- Born: 1891
- Died: July 1971 (aged 79–80)
- Occupation: Businessman

= Charles A. Hepburn =

British businessman (1891–1971)

Charles A. Hepburn (16 Feb 1891 – 16 July 1971) was a Scottish businessman, a joint founder, along with Herbert Ross, of the Hepburn and Ross whisky blending company, which was the first to blend the popular Red Hackle whisky (blended today by Lang Brothers). The prosperity that Hepburn and Ross' enterprise brought Charles Hepburn allowed him to become a well known Glasgow patron of the arts, with him amassing a large collection of literature and books in particular. He also collected various paintings, furniture, arms and armour, as well as oriental rugs.

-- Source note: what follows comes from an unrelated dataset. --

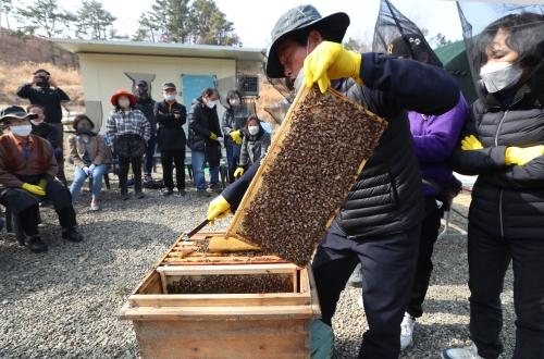 15일 부산 기장군 일광면에서 농업기술센터 농업 곤충 양봉 과정 교육생들이 봄철 양봉 관리에 대한 현장 실습을 하고 있다. 이번 교육은 농가의 신 소득원 창출과 전문농업인 양성을 위해 마련됐다. 정대현 기자 jhyun@

He became a benefactor to the University of Glasgow, for which he was given an honorary doctorate in law in 1964. He was also involved with the Glasgow Zoo (as was his colleague Herbert Ross), of which he became president. He is widely credited for reviving the fortunes of the zoo in the late 1950s and early 1960s by renovating it and donating some of his own money to this end.

Hepburn died on 16 July 1971. He bequeathed to Glasgow University a large number of books and manuscripts, some 300 in total, which are now held there as the Hepburn Bequest. He also left a house to the university, which is now known as Hepburn House, and fittingly, given Hepburn's commitment to the arts, houses the university's History of Art Department.